I didn't know you wrote that, well done.

Guy this thread has over 1000 views, people are reading this and wonder, "yeah, should I just cut it ... where and why?"

Dont take it personally or anything, afterall I'm the one who goes right out there putting pics and vids of my jobs up all the time, but curious minds asks questions.

I dont do hedges much, very rare. In fact many aren't doing to well in this drought. The other day I had to whack an overgrown duranta hedge in half ... but we are only talking a 6' hedge to 3' and about half the width.

I dont treat or consider hedges in the same field as trees. Trees are woody plants that if they fail will cause damage or hurt you. A hedge on the other hand ... well, not as though much will happen if it fails. But I suppose in saying that I wouldn't be calling a Leylandi 50' high screen a shrub hedge either.

I suppose if that was a pine tree over the fence you'd have a big fat zero chance of a green wall too. Different trees have different growth and decay capabilities.


----------



## ROLLACOSTA (Oct 30, 2006)

I had a nut job a few weeks call me out and ask me to bid/quote for 3 mature oaks 300 years+ old ,been their longer than the house and this joker,he wanted everything overhanging his property cut back to the fence line,I don't think so I told him,I also told if you don't like trees you shouldn't have bought the place..

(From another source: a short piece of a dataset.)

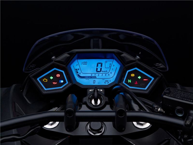 Barvy digitálního přístrojového panelu se mění podle výběru jízdního režimu. Při zařazeném neutrálu svítí bíle, v režimu Drive modře, v režimu Sport růžově a v režimu MT (manuální) nastupuje agresivní červená. Jezdec si též může přizpůsobit displej výběrem barvy z dalších pěti barevných odstínů, díky čemuž má k dispozici celkem 25 různých barev.

Overhere you CAN cut branches and roots etc back to the fence line ,but whatever you do must not be detrimental to the trees health


----------



## Ekka (Oct 31, 2006)

Hey Rolla

See we just dont have that here, the whole flamin place was only settled 220 years ago, but it would be a crying shame to cut that oak.

Sad part is some-one probably did cut it.

Here's the other thing, how do measure or guage "detrimental" ???

Maybe it's protected and you need permission to cut it?

I read somewhere that in USA, perhaps Florida you need permission to remove any limbs greater than 4" in dia.



treeseer said:


> Ekka, to quote Bob Dylan, if you cannot bring good news (along with the bad), then don't bring any.



I just brought along from todays tours driving between jobs this picture of a beautiful Leopard tree, do you like it. It's the big one behind the 2 palms, sheez a ripper.


----------



## treeseer (Oct 31, 2006)

Eric that is a beauty, though it looks like the utility will soon be wahcking one side to clear the wires. If the owner knows they are coming and wants the best job possible, maybe they would hire you to prune it in advance.


----------



## ROLLACOSTA (Oct 31, 2006)

Eric ,I beleive the oak never got touched,I explained the legal consequences to the client,and to my knowledge he saw the light..

As for 'detrimental' thats open to a lot of diffferant interpretations,to my thinking it would mean here, anything 'other' than BS3998 [British pruning standards] 

What a magnificent tree in the pic..


----------



## SteveBullman (Oct 31, 2006)

Ekka said:


> Sad part is some-one probably did cut it.



damm right they did, it was me!
made a good bit of loot on that job too!!
:hmm3grin2orange:


----------



## Ekka (Oct 31, 2006)

No you didn't Stephen ....

... but I wonder, if you were subcontracting to ABC Trees and the crew pulls up, has a look, boss aint there ... what would you do?


----------



## SteveBullman (Oct 31, 2006)

300 year oak trees like lee mentioned then definetly not.


----------



## Ekka (Nov 1, 2006)

stephenbullman said:


> 300 year oak trees like lee mentioned then definetly not.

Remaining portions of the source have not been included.